Below this line is a set of entries; quote exactly the lines from the line that contains "Tanzanite and Diamond" to the line that contains "1.サニーレタスは完全に芯をカットして、葉を1枚ずつ丁寧に水で洗い、水分を拭う", both lines included.

Extracted data entries
Segment Open

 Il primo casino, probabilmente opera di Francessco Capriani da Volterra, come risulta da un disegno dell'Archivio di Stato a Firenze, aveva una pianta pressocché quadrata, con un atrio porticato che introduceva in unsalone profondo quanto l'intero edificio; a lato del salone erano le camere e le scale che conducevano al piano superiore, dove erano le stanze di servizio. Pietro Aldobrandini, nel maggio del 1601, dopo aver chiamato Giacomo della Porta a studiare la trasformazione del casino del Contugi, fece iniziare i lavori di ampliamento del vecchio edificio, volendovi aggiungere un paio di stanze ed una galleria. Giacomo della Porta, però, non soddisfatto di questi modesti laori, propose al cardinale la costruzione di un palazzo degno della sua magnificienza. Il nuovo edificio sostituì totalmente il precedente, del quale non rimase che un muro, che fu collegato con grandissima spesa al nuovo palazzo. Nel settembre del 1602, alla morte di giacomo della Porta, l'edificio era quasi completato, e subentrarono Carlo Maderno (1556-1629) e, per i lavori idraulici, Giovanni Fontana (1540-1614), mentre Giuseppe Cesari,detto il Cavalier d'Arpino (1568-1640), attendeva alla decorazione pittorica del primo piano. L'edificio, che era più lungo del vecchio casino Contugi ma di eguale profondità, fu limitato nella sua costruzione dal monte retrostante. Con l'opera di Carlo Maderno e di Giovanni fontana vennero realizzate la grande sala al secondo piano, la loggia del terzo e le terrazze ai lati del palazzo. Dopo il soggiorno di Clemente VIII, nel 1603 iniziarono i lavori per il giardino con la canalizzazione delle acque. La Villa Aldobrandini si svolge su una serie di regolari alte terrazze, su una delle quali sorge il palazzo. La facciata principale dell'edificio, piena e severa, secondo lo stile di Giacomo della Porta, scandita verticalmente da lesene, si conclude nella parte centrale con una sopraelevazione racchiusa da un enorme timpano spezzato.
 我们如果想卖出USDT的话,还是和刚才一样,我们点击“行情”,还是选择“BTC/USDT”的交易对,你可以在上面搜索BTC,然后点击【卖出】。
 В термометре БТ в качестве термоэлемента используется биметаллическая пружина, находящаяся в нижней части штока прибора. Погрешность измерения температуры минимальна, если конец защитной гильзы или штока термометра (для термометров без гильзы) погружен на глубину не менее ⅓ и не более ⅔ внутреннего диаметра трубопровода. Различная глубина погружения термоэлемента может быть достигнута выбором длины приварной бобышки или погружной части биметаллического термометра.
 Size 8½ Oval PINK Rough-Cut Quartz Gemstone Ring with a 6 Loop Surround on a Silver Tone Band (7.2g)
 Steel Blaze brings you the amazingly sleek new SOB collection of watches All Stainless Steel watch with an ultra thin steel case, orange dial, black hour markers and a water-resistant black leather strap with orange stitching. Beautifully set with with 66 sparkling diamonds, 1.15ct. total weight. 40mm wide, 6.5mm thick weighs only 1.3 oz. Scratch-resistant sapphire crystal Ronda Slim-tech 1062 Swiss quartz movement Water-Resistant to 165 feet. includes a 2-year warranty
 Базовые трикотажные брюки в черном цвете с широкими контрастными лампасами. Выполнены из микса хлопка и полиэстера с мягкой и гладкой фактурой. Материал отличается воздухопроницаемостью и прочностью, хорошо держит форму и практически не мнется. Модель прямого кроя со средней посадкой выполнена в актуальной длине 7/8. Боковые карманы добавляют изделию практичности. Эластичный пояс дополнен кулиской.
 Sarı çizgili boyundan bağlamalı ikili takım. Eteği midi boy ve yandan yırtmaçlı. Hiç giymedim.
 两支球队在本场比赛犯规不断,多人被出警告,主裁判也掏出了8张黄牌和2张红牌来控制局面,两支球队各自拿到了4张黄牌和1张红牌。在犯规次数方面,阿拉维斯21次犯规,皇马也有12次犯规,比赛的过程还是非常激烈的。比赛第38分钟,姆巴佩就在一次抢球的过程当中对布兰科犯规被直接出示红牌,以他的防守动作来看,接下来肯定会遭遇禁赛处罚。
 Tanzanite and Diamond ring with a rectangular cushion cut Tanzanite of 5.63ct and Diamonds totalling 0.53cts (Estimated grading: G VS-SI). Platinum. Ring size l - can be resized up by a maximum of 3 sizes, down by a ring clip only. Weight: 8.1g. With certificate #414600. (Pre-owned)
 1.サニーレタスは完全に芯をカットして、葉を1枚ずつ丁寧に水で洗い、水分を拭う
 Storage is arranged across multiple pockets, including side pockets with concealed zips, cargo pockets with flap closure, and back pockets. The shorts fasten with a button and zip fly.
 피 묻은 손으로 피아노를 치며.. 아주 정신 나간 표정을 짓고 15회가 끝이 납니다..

Segment Closed

WRITTEN RESPONSE:
 Tanzanite and Diamond ring with a rectangular cushion cut Tanzanite of 5.63ct and Diamonds totalling 0.53cts (Estimated grading: G VS-SI). Platinum. Ring size l - can be resized up by a maximum of 3 sizes, down by a ring clip only. Weight: 8.1g. With certificate #414600. (Pre-owned)
 1.サニーレタスは完全に芯をカットして、葉を1枚ずつ丁寧に水で洗い、水分を拭う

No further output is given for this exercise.